*GOAL OF THE EXERCISE*: Pictures stay out, but every line of the data is copied exactly.

*THE DATA*:
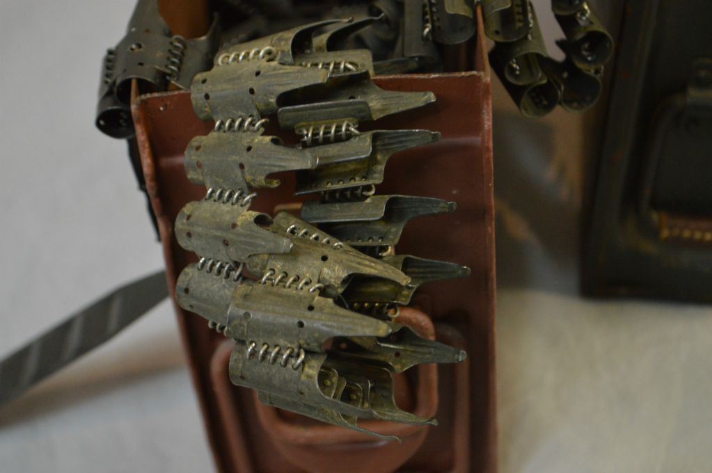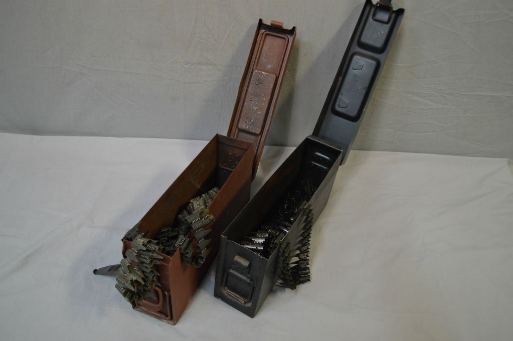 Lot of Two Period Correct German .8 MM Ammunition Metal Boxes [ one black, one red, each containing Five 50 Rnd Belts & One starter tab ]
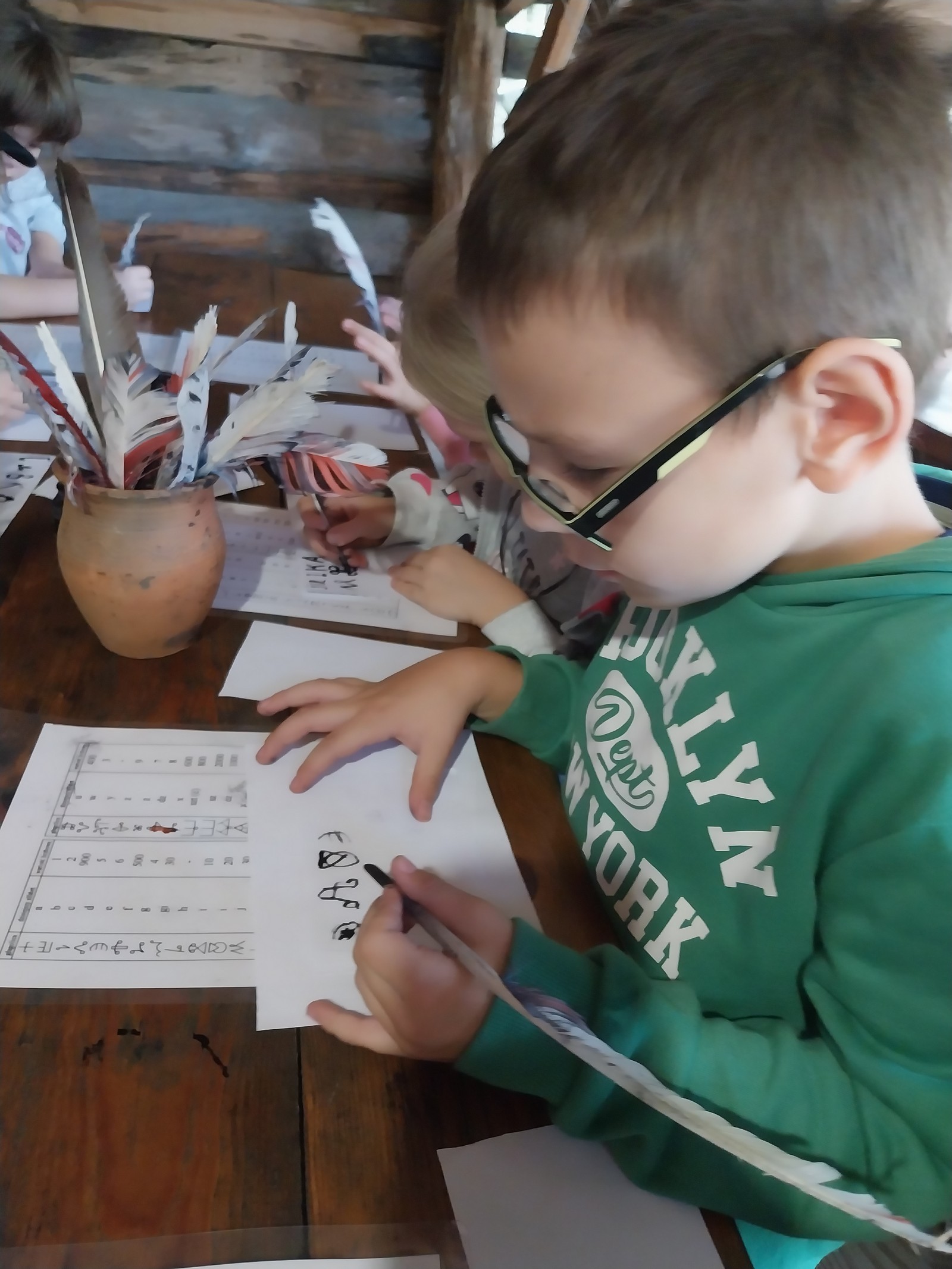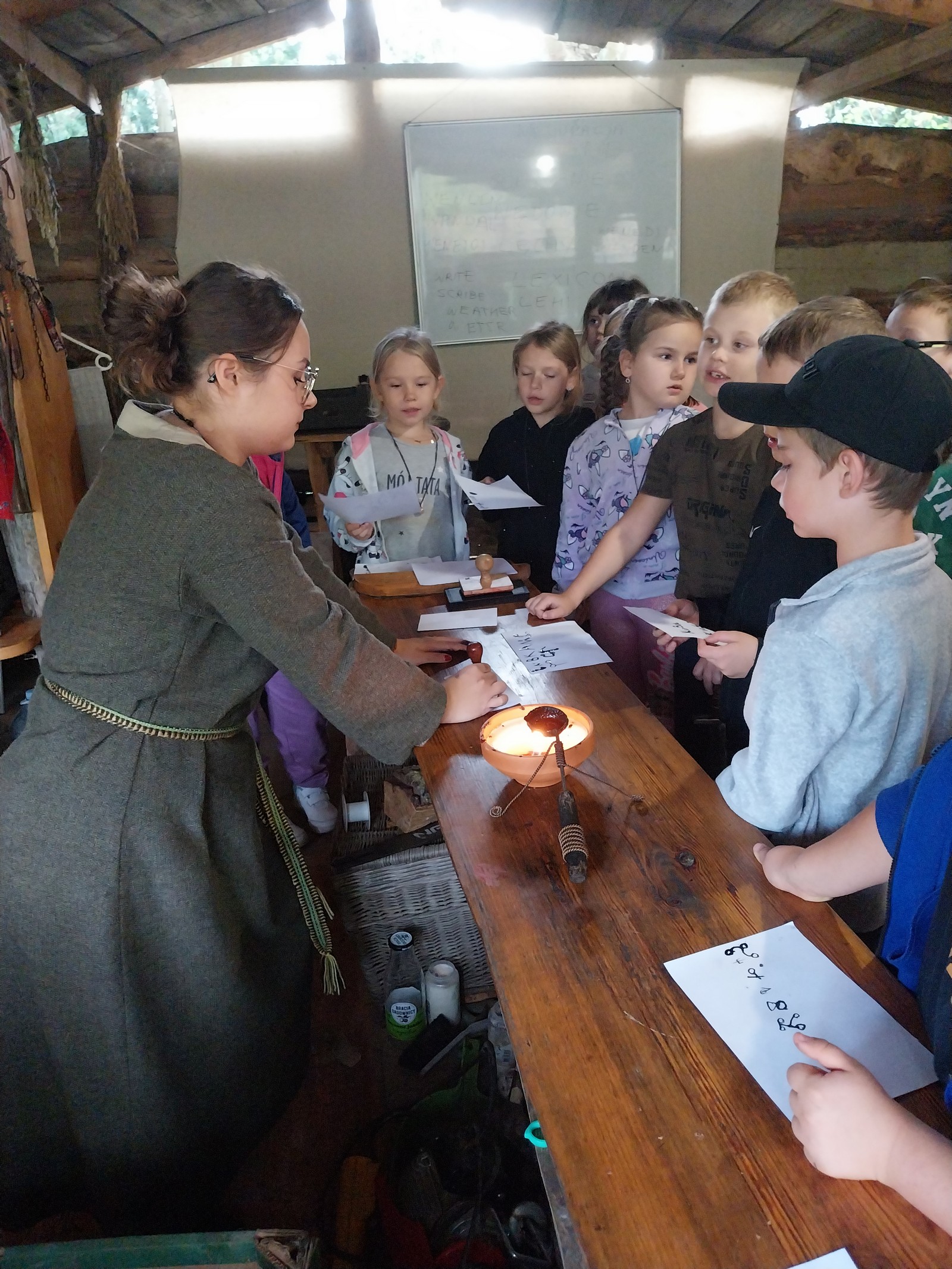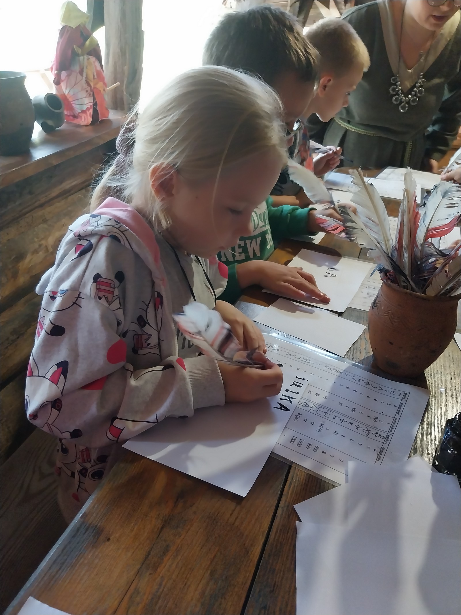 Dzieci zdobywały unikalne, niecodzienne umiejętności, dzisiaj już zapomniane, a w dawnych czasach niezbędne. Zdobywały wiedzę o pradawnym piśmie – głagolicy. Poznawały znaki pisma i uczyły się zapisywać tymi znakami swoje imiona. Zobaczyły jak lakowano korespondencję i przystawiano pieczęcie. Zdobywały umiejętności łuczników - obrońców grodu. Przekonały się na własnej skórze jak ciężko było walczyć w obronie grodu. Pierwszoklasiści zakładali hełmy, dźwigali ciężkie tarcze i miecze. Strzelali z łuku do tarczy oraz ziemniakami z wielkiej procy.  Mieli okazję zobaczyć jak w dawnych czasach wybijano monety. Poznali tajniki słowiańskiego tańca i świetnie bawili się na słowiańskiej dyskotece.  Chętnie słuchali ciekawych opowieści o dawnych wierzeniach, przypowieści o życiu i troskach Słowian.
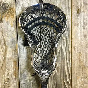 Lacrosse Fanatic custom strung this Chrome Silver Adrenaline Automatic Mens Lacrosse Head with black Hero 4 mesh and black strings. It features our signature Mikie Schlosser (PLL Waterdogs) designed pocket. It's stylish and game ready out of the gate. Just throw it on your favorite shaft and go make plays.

*COMPLETED TASK*:
 Lot of Two Period Correct German .8 MM Ammunition Metal Boxes [ one black, one red, each containing Five 50 Rnd Belts & One starter tab ]
 Dzieci zdobywały unikalne, niecodzienne umiejętności, dzisiaj już zapomniane, a w dawnych czasach niezbędne. Zdobywały wiedzę o pradawnym piśmie – głagolicy. Poznawały znaki pisma i uczyły się zapisywać tymi znakami swoje imiona. Zobaczyły jak lakowano korespondencję i przystawiano pieczęcie. Zdobywały umiejętności łuczników - obrońców grodu. Przekonały się na własnej skórze jak ciężko było walczyć w obronie grodu. Pierwszoklasiści zakładali hełmy, dźwigali ciężkie tarcze i miecze. Strzelali z łuku do tarczy oraz ziemniakami z wielkiej procy.  Mieli okazję zobaczyć jak w dawnych czasach wybijano monety. Poznali tajniki słowiańskiego tańca i świetnie bawili się na słowiańskiej dyskotece.  Chętnie słuchali ciekawych opowieści o dawnych wierzeniach, przypowieści o życiu i troskach Słowian.
 Lacrosse Fanatic custom strung this Chrome Silver Adrenaline Automatic Mens Lacrosse Head with black Hero 4 mesh and black strings. It features our signature Mikie Schlosser (PLL Waterdogs) designed pocket. It's stylish and game ready out of the gate. Just throw it on your favorite shaft and go make plays.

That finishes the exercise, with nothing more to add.